**Exercise directions**
Could you please reproduce the entries exactly, leaving out any pictures?
--*--
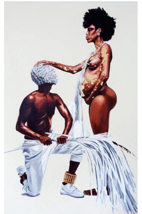
Fahamu Pecou, “something eternal”, 2016, acrylic and gold leaf on canvas, 96 x 60 in.

For further information check our NC Institutional Gallery listings, call the Center at 919/962-9001 or visit ( http://sonjahaynesstonectr.unc.edu/ ).
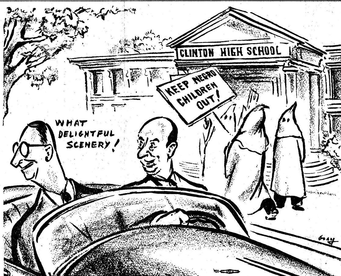
NEWS ITEM: Stevenson and Kefauver were in Clinton, Tenn., on the third day of the school rioting. Their motorcade passed within one block of the high school. Neither there, nor any where else in the South, did either Democratic candidate say anything about the riots.
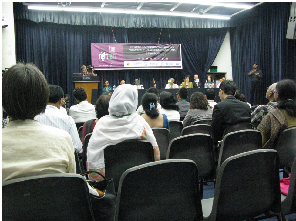
About 100 Delegates Participating in the Conference
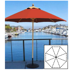
2 PATIO UMBRELLA SCALE: NTS

Digitally signed by Frederick J Goglia DN: CN = Frederick J Goglia, C = US, O = IdentTrust ACES Unaffiliated Individual Date: 2016.07.21 14:28:03 -05'00'
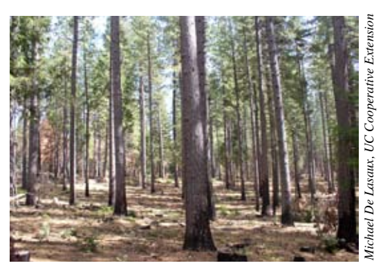
In shaded fuelbreaks trees are spaced to slow a wildfire so that firefighters can gain control.

Thinning is conducted in young stands with small-diameter trees (pre-commercial thinning),
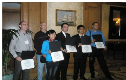
Broadband Forum G-PON Certification Certificate Award Ceremony
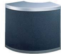
4041 - 1M x 40" Curved Counter (open back)
--*--
**Answer box**
Fahamu Pecou, “something eternal”, 2016, acrylic and gold leaf on canvas, 96 x 60 in.

For further information check our NC Institutional Gallery listings, call the Center at 919/962-9001 or visit ( http://sonjahaynesstonectr.unc.edu/ ).
NEWS ITEM: Stevenson and Kefauver were in Clinton, Tenn., on the third day of the school rioting. Their motorcade passed within one block of the high school. Neither there, nor any where else in the South, did either Democratic candidate say anything about the riots.
About 100 Delegates Participating in the Conference
2 PATIO UMBRELLA SCALE: NTS

Digitally signed by Frederick J Goglia DN: CN = Frederick J Goglia, C = US, O = IdentTrust ACES Unaffiliated Individual Date: 2016.07.21 14:28:03 -05'00'
In shaded fuelbreaks trees are spaced to slow a wildfire so that firefighters can gain control.

Thinning is conducted in young stands with small-diameter trees (pre-commercial thinning),
Broadband Forum G-PON Certification Certificate Award Ceremony
4041 - 1M x 40" Curved Counter (open back)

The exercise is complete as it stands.